Programs should also target communities that need efficiency upgrades the most such as people living in low-income neighborhoods or in high-pollution areas who often pay more for their energy and are more exposed to unhealthy air that seeps into their homes. These programs should pay for a greater portion (or the full cost) of an appliance or efficiency product (like windows or insulation) and design marketing, outreach, and education to best engage the intended communities while leveraging other programs, such as food assistance, to reach more people. Programs should also deliver efficiency offerings through partnerships, such as with organizations that offer other assistance like providing basic home repairs or in-home health care services.
All programs should only use healthy building materials to keep installers and residents safe, especially in communities with greater risk of respiratory ailments that could be exacerbated by the materials. This includes making sure that heating and ventilation efficiency work includes high-quality air filtration systems, especially near pollution sources (e.g., industrial throughways or refineries) as air quality is worse in impacted communities and can increase susceptibility to respiratory ailments.
There also needs to be transparent data to assess progress toward achieving all of the previous recommendations, such as identifying metrics to tell how well the program is being implemented. This includes measuring the number of households treated, energy saved, location of participation (including income and race demographics), as well as how many customers served have a particularly high energy burden or are at higher risk of disconnection. These data points will help ensure the intended audience is being served or would provide critical information to improve program design or delivery.

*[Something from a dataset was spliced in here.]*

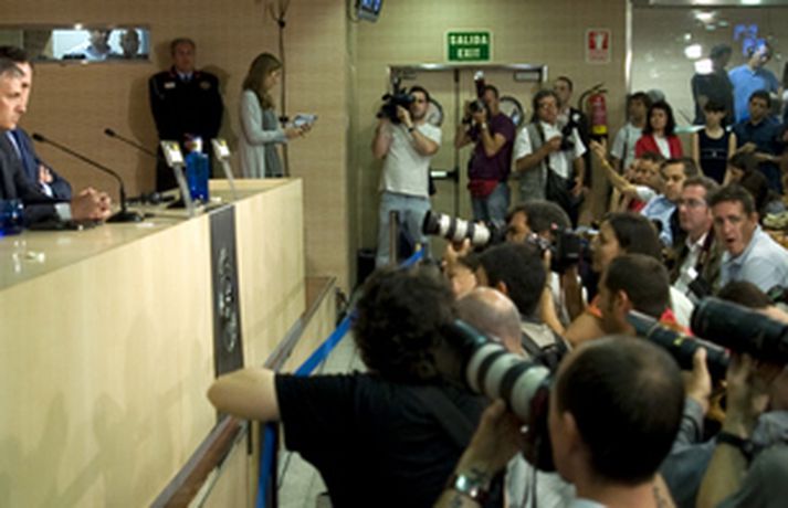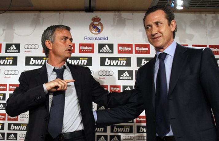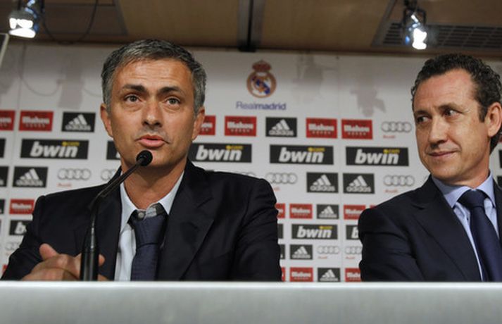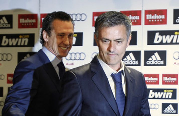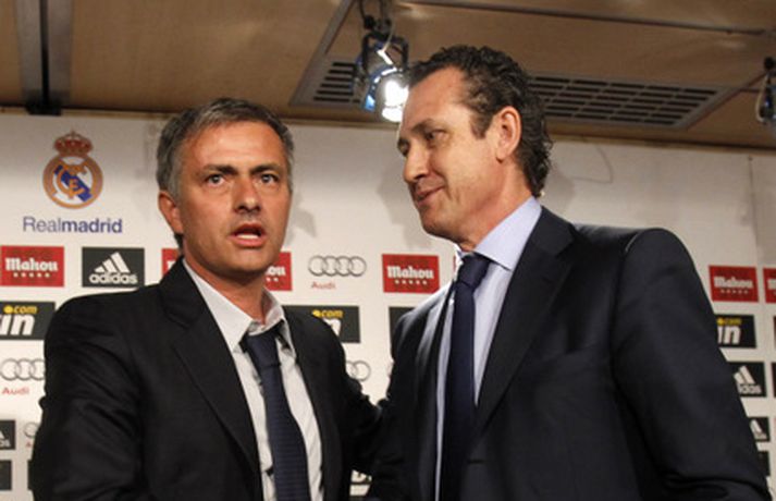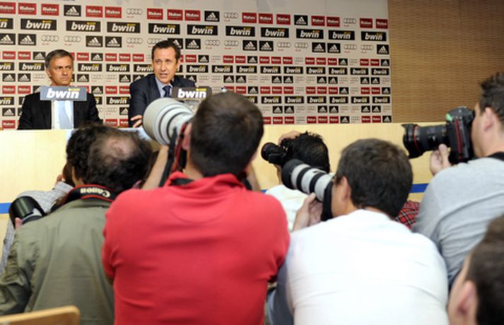 Blaðamannaherbergið á Santiago Bernabeu var troðfullt í dag þegar Jose Mourinho var kynntur sem nýr þjálfari spænska stórliðsins en honum er ætlað að gera það sem Manuel Pellegrini tókst ekki á nýloknu tímabili - að vinna titla. Mourinho leiddist ekki athyglin þegar hann fór yfir það hvernig hann ætlar að fá risastjörnur Real Madrid til að vinna hver fyrir aðra. Hann fer nú í að kynna sér betur hvernig hlutirnir ganga fyrir sig bak við tjöldin hjá Real Madrid. Ljósmyndarar AFP og AP voru mættir á svæðið og mynduðu Jose Mourinho og framkvæmdastjórann Jorge Valdano í bak og fyrir og má sjá myndasyrpu frá blaðamannafundinum hér fyrir neðan. Myndirnar má sjá í albúminu hér að neðan. Hægt er að sjá myndirnar stærri með því að smella á þær.Mynd/AFPMynd/APMynd/AFPMynd/APMynd/APMynd/AFPMynd/AFPMynd/APMynd/AFPMynd/AFPMynd/AFPMynd/AP
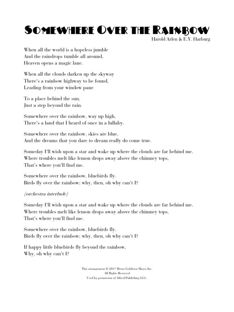 Somewhere Over The Rainbow Lyrics And Chords Over The Rainbow Lyrics

An Opportune Time to Make a Shift
We are in unprecedented times, where racial justice, economic equality, public health, and climate action have come to the fore, showing just how intertwined they are. America has an obligation to collectively create the new reality we want, by addressing these social challenges together. The efficiency sector has the opportunity to explore the best way to shift how programs are designed and what advocacy is needed to scale up the delivery of programs and deepen the energy savings and related benefits for those who need it the most while creating more job opportunities for the efficiency industry. Thankfully, we have a number of models to build from. By collaborating with advocacy groups from communities most affected by racism to design policies and programs that counteract existing disparities, we can help advance equity while ensuring access to clean air, affordable clean energy, a healthy living environment, and a thriving economy.